Contrary results have also been reported. A recent study by Bulut et al.  performed abduction on three specimen groups: (1) control group with only locking plate implantation (2) locking plate implantation with fibular allograft augmentation along the shaft axis and (3) locking plate implantation with fibular allograft augmentation at 135° to support calcar and medial region.
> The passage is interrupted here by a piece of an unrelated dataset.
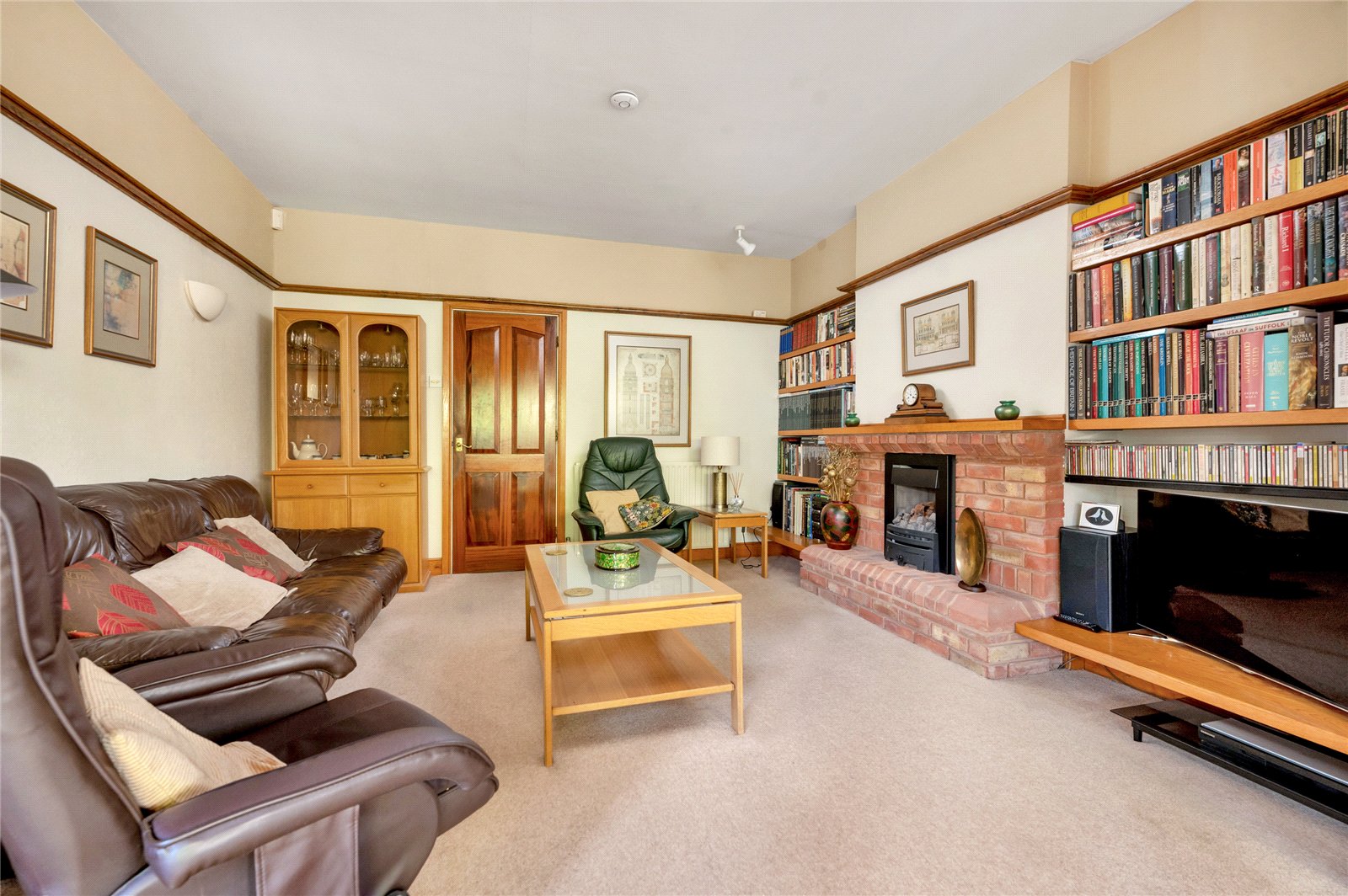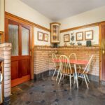 Back through the entrance porch is a part-glazed door with a beautiful stained glass window on one side that opens into a second inner entrance hall, which is carpeted with the turned staircase to the first floor. The hall offers plenty of space for sideboards and seating, and beneath the stairs is a large storage cupboard. From here is the elegant sitting room complete with a gas coal-effect fire set in a super red brick fireplace, adding an unmatched warmth and ambience to the room. The fire sits on a raised brick hearth with a brick surround and a wood mantel above. A square arch leads into the impressive dining room with a square bay window looking out over the garden. It has a solid oak boarded wood floor, exposed brickwork and a truly magnificent wood-panelled vaulted ceiling a fabulous setting for entertaining and family gatherings.

They reported no statistically significant difference in maximum loads and construct stiffness among the construct groups.
Rigid vs. semi-rigid plates
Most of the complications associated with PHPs root back to the issue of poor implant anchorage, particularly in the elderly. A histomorphometric study by Hepp et al. demonstrated that current implants tend to target the central region of the humeral head where bone stock and bone quality are poor and the medial and dorsal aspects of the head should be targeted instead . Maldonado et al. showed that in patients with osteoporosis, higher strain forces occur at the implant/bone interface compared to patients with healthy bone . This may lead to early failure of relatively stiff constructs like angular stable plates or nails , especially in patients with reduced bone quality.
A number of patients admitted with proximal humerus fractures have good bone quality and with this patient population in mind, “rigid” implants were designed, that prevented micromotion of fracture to provide maximum construct stability. For the geriatric or the osteoporotic patient population, these rigid implants have higher risks of failure due to the poor bone-implant interface. Thus, a new series of implants, named “semi-rigid”, were designed. This design aims to increase the energy absorption by the implant and reduce the forces acting on the bone-implant interface by allowing some fracture motion.
The controversy arises on the matter of defining optimum stiffness of the implant. An excessively rigid implant poses a risk of developing extremely high peak stresses on the humerus which is not only mechanically but also biologically unsafe. On the other hand, implants with too low stiffness can lead to early failure and head migration due to poor mechanical support . This dilemma is further complicated by the fact that the mechanical role of an implant changes during the fracture healing process and an intricate balance of implant elasticity is required for successful healing [98, 99].
Two of the semi-rigid implants for proximal humerus fractures are the Humerus Block (Synthes, Salzburg, Austria) and ButtonFix (Synthes, Solothurn, SO, Switzerland), intended to be minimally invasive fixations as they are accompanied by Kirchner wires and have dimensions smaller than conventional plates. Concerns have been raised regarding their elastic design which may be too elastic for the required healing and the potential risk of K-wires migration [100, 101].
As for their in vitro biomechanical performance, Duda et al.  reported higher compression, torsion and varus bending stiffness values for humeri treated with ButtonFix system as compared to those treated with Humerus Block system. Kralinger et al.  investigated the performance of locking compression plate with Humerus Block in cadaveric humeri under bending and torsion. While the semi-rigid Humerus Block would intuitively be less stiff (primary stability), they also performed cyclic tests to calculate the percentage reduction in load. Low reduction in load would suggest that the bone-plate construct is able to provide the stability needed for fracture healing (secondary stability). They reported that the locking plate construct was stiffer than the Humerus Block construct in all loading conditions but the load reduction was similar for both plates.
Implant-related complications associated with PHPs, such as poor screw purchase, owe mostly to poor bone mineral density. One possible way to enhance implant anchorage in reduced bone stock is to increase the bone-implant interface by augmentation using bone cement. This method has already been established in other fractures of the human body including femur, tibial plateau and distal radius fractures [102–105].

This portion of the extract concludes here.